Abolishing point estimates

One of my major gripes in my classes is that students put too much reliance on point estimates. Of course, when they (or other business students) graduate, the error is propagated into business.

Saying the company will generate $3,422.13 in revenues for the first month of a new product is useless information. No one knows what will happen in the future: the economy, reception of a new product, the reaction of competitors. People make assumptions — which are only assumptions, i.e. a SWAG or maybe just a WAG. So when I see a point estimate — to four significant digits — then I know all subsequent calculations are GIGO.

Saying that we expect sales to be between $500 and $5000 is more useful. It would be nice to say there’s a 95% chance (two standard deviations) that the results will be in that range, but for most analyses, that’s GIGO.

A common solution is to offer three cases, e.g. when startups offer “best case,” “worst case” and the median or average case projections to VCs. This is certainly better than nothing, because it forces you (for example) to think about what the appropriate level of hiring or advertising spending for each one.

The formal answer to this problem is scenario planning. I was reminded of this in checking out Adam Hartung (who posted a recent comment to my blog). In a posting on his own blog last week, he discusses the importance of scenario planning. In particular, he points out that many businesses (or individuals) made assumptions about energy prices without considering other plausible scenarios:
Over the last year the price of energy was one such big theme that interested a lot of people. But most only explored one scenario ─ what if oil prices went to $200 or $250? Interesting, but not sufficient. While that scenario is worth investigating in great detail, it's also important to investigate other options ─ like oil at $150, or $100 or $65 or $35. All of those have different implications. What's important in scenario planning is to investigate them all.
I have sometimes taught scenario planning in MBA technology strategy class. Although the material doesn’t really fit with the other readings, managing high-tech companies is inherently about dealing with an uncertain future.

Since the existing materials are not very good, at some point I guess I’ll have to write my own. However, blogger/consultant Martin B√∂rjesson has a starter list of scenario planning resources.

Interestingly, everyone (including B√∂rjesson) who teaches scenario planning goes back to the use of scenario planning by Royal Dutch Shell. This does make some sense, beyond the fact that Shell is famous for its use of the technique. Oil companies face a highly uncertain future — in terms of the supply and demand for oil, as well as the degree of environmental regulation (or societal pressure to self-regulate). They also have to make capital investments that last for decades and are planned years in advance.

Perhaps we can interest some renewable energy firms in also doing scenario planning.
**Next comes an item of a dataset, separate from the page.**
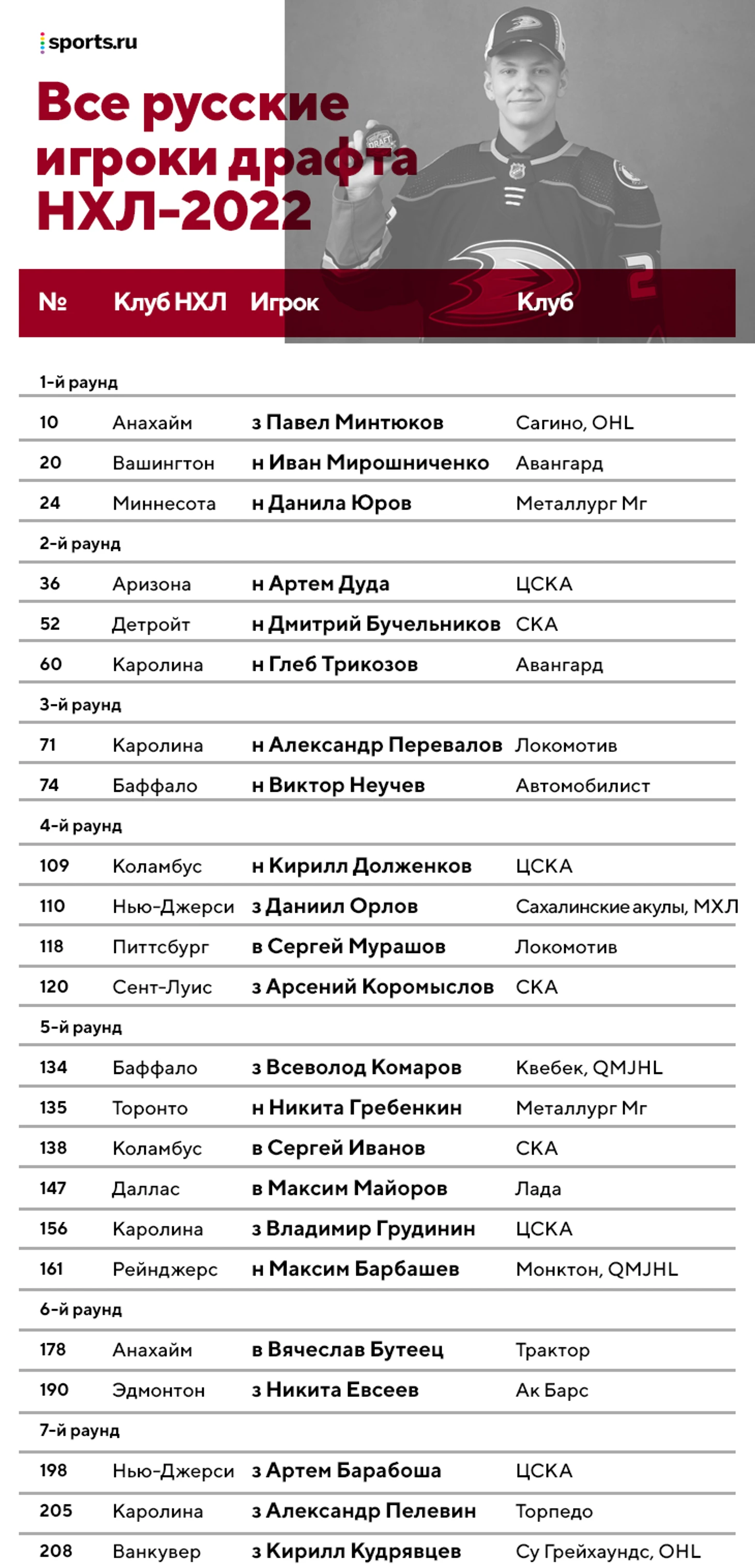 Интересно, что 19 из 23 наших хоккеистов с этого драфта в прошлом сезоне выступали в России – Данила Юров пусть мало, но играл в КХЛ, Иван Мирошниченко и Никита Евсеев большую часть времени провели в ВХЛ, остальные были в числе лидеров своих команд в МХЛ.

When they’re going for grid parity, they need to consider what the existing energy prices will be — which might be oil at $50 a gallon or $200 a gallon.

Oddly, Shell CEO Jeroen van der Veer gave a speech in February where he made point predictions as to energy demand, the availability of conventional energy, and the cost of renewable sources. The scenario alternatives he presented (in February and earlier in January) were not about the economic or technical future, but about the policy choices made by energy-consuming nations.